AUSTRALIAN OPEN

Sinner: "Sconfitta che fa male, sarà una lezione. Non ho sfruttato le occasioni"

Le parole del numero 2 al mondo dopo l'eliminazione in semifinale: "Djokovic? Me lo aspettavo a questo livello, gli Slam lo motivano"

Al termina di una partita da "montagne russe", come definita da Jannik Sinner, alla fine è stato Novak Djokovic a spuntarla in 4 ore e 9 minuti con il punteggio di 3-6, 6-3, 4-6, 6-4, 6-4.

Il serbo vola in finale degli Australian Open a 38 anni, Sinner è costretto a riflettere sulla sconfitta: "Questa volta fa male, è uno Slam importante per me, di cui conosco bene il contesto. Entrambi abbiamo giocato una bella partita, io ho avuto molte occasioni ma non sono riuscito a sfruttarle". 

Per Jannik, non c'è un momento chiaro in cui la partita è sfuggita di mano, nemmeno fra quarto e quinto set: "Djokovic ha tirato fuori dei colpi fantastici, io a volte decidevo di fare cose diverse e oggi non hanno funzionato. Questo è il tennis. Già dal primo set il livello è stato ottimo per entrambi, poi la partita ha viaggiato sulle montagne russe ed è andata come è andata".

Sinner abdica e scende dal doppio trono consecutivo in Australia (2024 e 2025), ma non contro un avversario banale: "Ha vinto 24 tornei Slam e non mi sorprende, penso sia il giocatore più grande da molti anni.

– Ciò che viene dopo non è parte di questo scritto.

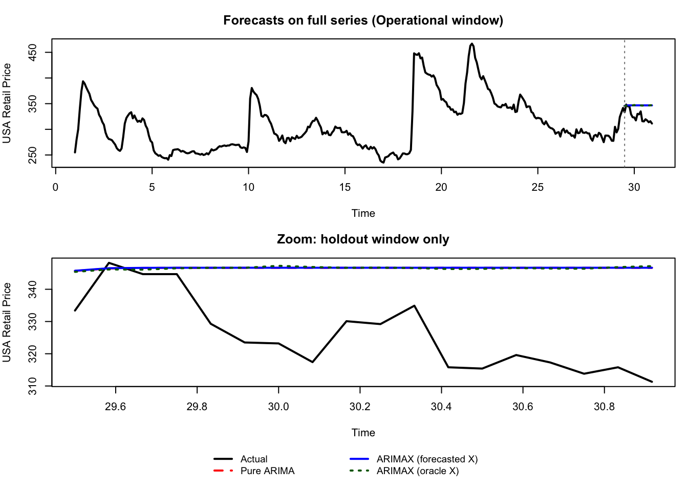 In this stress-test, the gap between ARIMAX (oracle X) and ARIMAX (forecasted X) mainly measures information loss from not observing future Colombia. This is a pedagogical upper-bound check, not the default production setting.
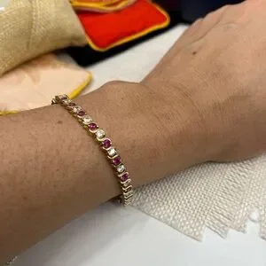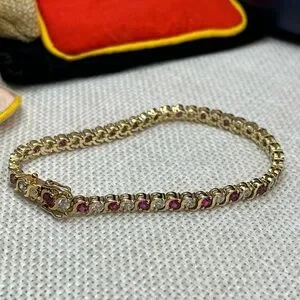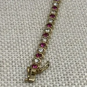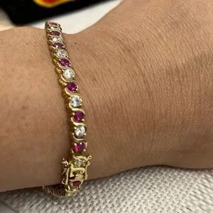 This stunning vintage bracelet is a beautifully crafted piece from my estate collection, kept in pristine condition for over 20+ years. Featuring a classic tennis design, it is adorned with alternating ruby-colored gemstones and sparkling cubic zirconia, all set in gold over solid 925 sterling silver for an elegant yet durable finish.
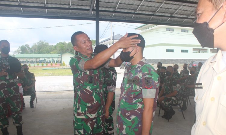 Diakhir makan bersama Brigjen TNI M Jangkung memberikan kenang-kenangan topi kebanggan seragam untuk seluruh prajurit dan PNS Korem 045/Gaya.
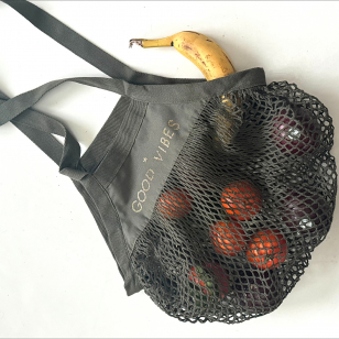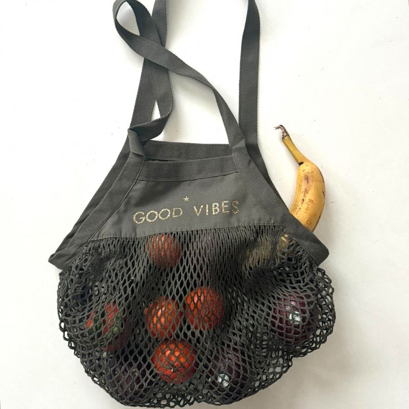 Sac filet à provisions en coton biologique couleur kaki avec son message pailleté or GOOD VIBES hyper léger et super costaud avec son tissage dense. Le top pour aller au marché, à la plage ou en vadrouille avec style.
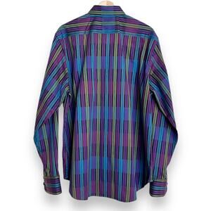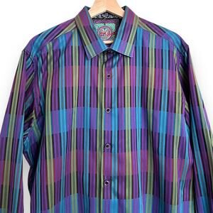 Robert Graham Purple and Teal Button Down With Embroidered Cuffs Men's Size XL
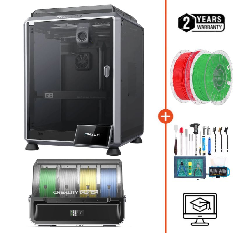 El Pack Starter Creality K1C 2025 + CFS-C te ofrece lo necesario para comenzar tus impresiones 3D tan pronto recibas tu equipo.
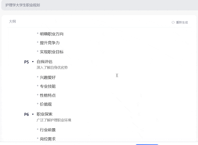 我们只要在对话框输入想要生成的内容即可,比如,告诉它,我想要一个【护理学大学生职业规划】,它会自动帮我们生成大纲。
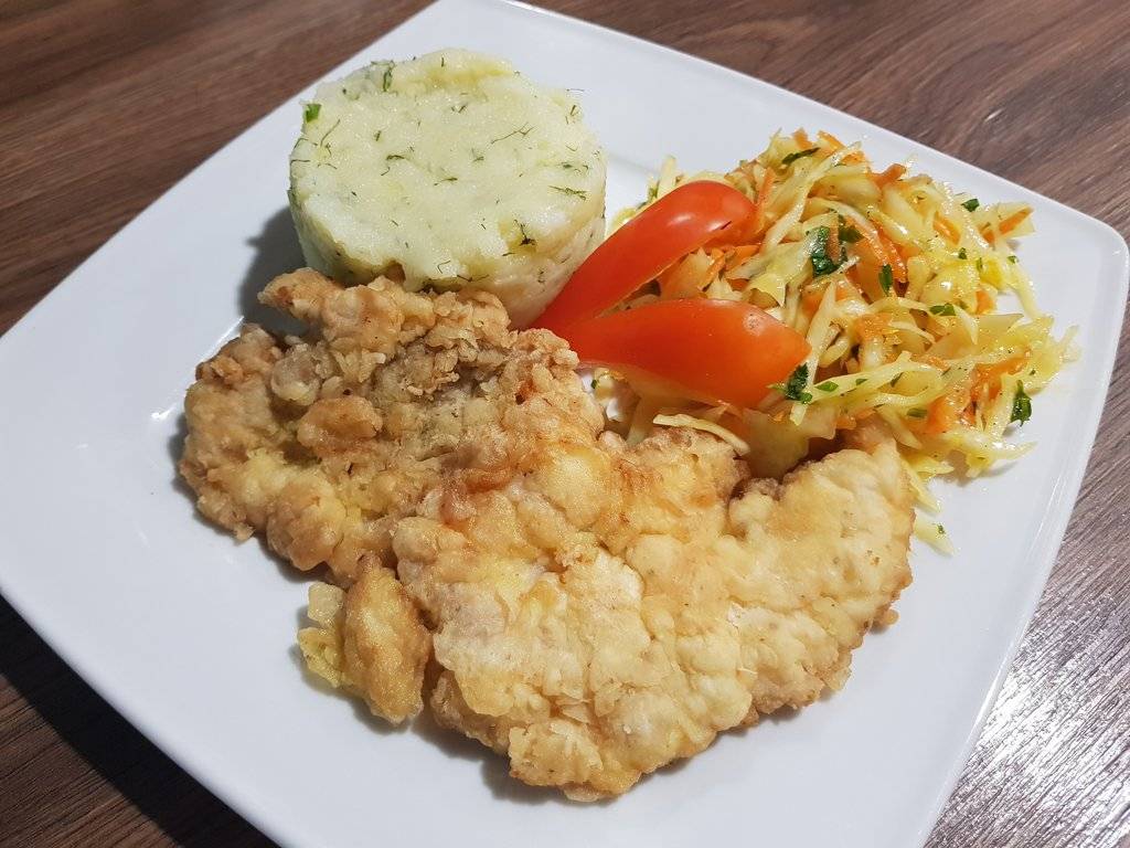 Eskalopki drobiowe z purée ziemniaczanym i surówką

Gioca meno tornei, ma so quanto per lui siano importanti i tornei del Grande Slam, come per me e Carlos (Alcaraz, ndc), è una motivazione extra. Spero di prenderla come una lezione, magari per vedere cosa posso migliorare".

Nel quinto e decisivo set, solo l'illusione di poter chiudere la contesa per Sinner, che non ha sfruttato otto palle break: "Ero a mio agio e lui faceva un po' fatica a tenere. Sapevo di aver fatto più punti di lui, ma alla fine è irrilevante se guardiamo il punteggio".